------ Stored data

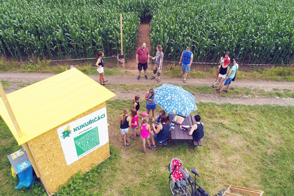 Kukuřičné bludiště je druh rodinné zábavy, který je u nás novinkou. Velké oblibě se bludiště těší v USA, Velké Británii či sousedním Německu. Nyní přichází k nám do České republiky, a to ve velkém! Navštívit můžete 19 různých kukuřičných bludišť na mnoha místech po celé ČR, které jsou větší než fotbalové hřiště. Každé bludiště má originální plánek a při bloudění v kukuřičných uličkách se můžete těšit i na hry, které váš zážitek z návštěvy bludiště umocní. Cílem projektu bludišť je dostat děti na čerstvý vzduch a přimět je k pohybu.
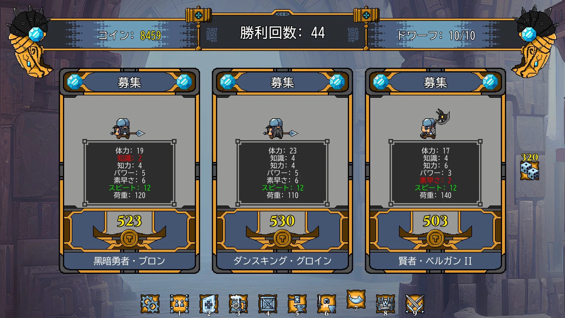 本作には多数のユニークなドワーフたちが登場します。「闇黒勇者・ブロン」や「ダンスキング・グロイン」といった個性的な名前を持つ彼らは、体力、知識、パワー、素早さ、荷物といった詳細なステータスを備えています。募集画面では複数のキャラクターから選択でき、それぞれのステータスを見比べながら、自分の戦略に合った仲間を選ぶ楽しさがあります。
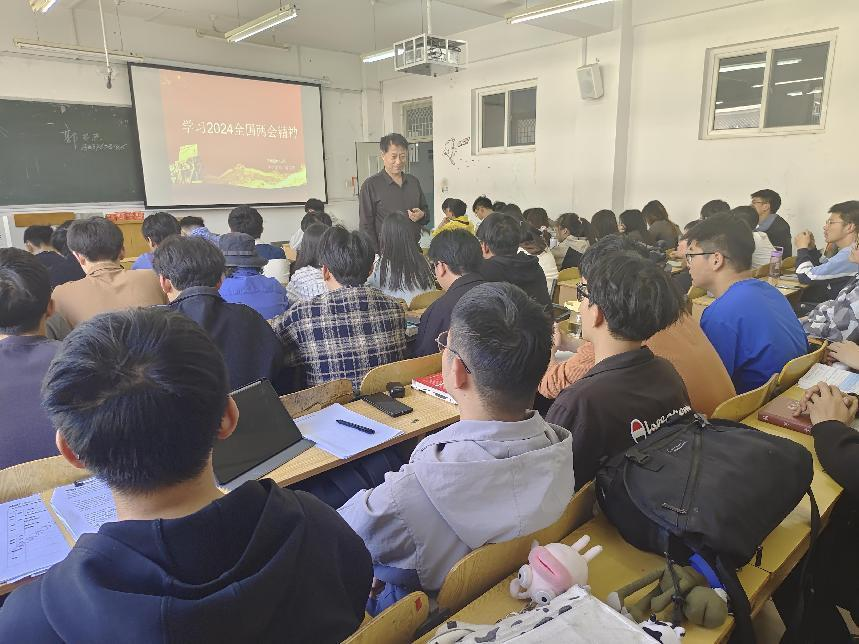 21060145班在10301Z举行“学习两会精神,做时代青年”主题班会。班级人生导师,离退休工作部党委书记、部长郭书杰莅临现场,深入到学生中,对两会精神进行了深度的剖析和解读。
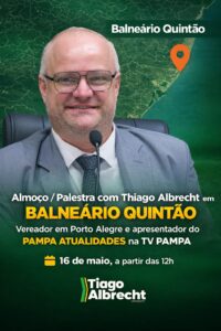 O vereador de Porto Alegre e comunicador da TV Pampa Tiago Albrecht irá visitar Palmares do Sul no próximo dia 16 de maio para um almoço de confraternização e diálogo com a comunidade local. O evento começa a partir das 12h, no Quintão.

------------

* [Activity]: Write out the listing again word for word, but without its pictures.

* [Task response]:
 Kukuřičné bludiště je druh rodinné zábavy, který je u nás novinkou. Velké oblibě se bludiště těší v USA, Velké Británii či sousedním Německu. Nyní přichází k nám do České republiky, a to ve velkém! Navštívit můžete 19 různých kukuřičných bludišť na mnoha místech po celé ČR, které jsou větší než fotbalové hřiště. Každé bludiště má originální plánek a při bloudění v kukuřičných uličkách se můžete těšit i na hry, které váš zážitek z návštěvy bludiště umocní. Cílem projektu bludišť je dostat děti na čerstvý vzduch a přimět je k pohybu.
 本作には多数のユニークなドワーフたちが登場します。「闇黒勇者・ブロン」や「ダンスキング・グロイン」といった個性的な名前を持つ彼らは、体力、知識、パワー、素早さ、荷物といった詳細なステータスを備えています。募集画面では複数のキャラクターから選択でき、それぞれのステータスを見比べながら、自分の戦略に合った仲間を選ぶ楽しさがあります。
 21060145班在10301Z举行“学习两会精神,做时代青年”主题班会。班级人生导师,离退休工作部党委书记、部长郭书杰莅临现场,深入到学生中,对两会精神进行了深度的剖析和解读。
 O vereador de Porto Alegre e comunicador da TV Pampa Tiago Albrecht irá visitar Palmares do Sul no próximo dia 16 de maio para um almoço de confraternização e diálogo com a comunidade local. O evento começa a partir das 12h, no Quintão.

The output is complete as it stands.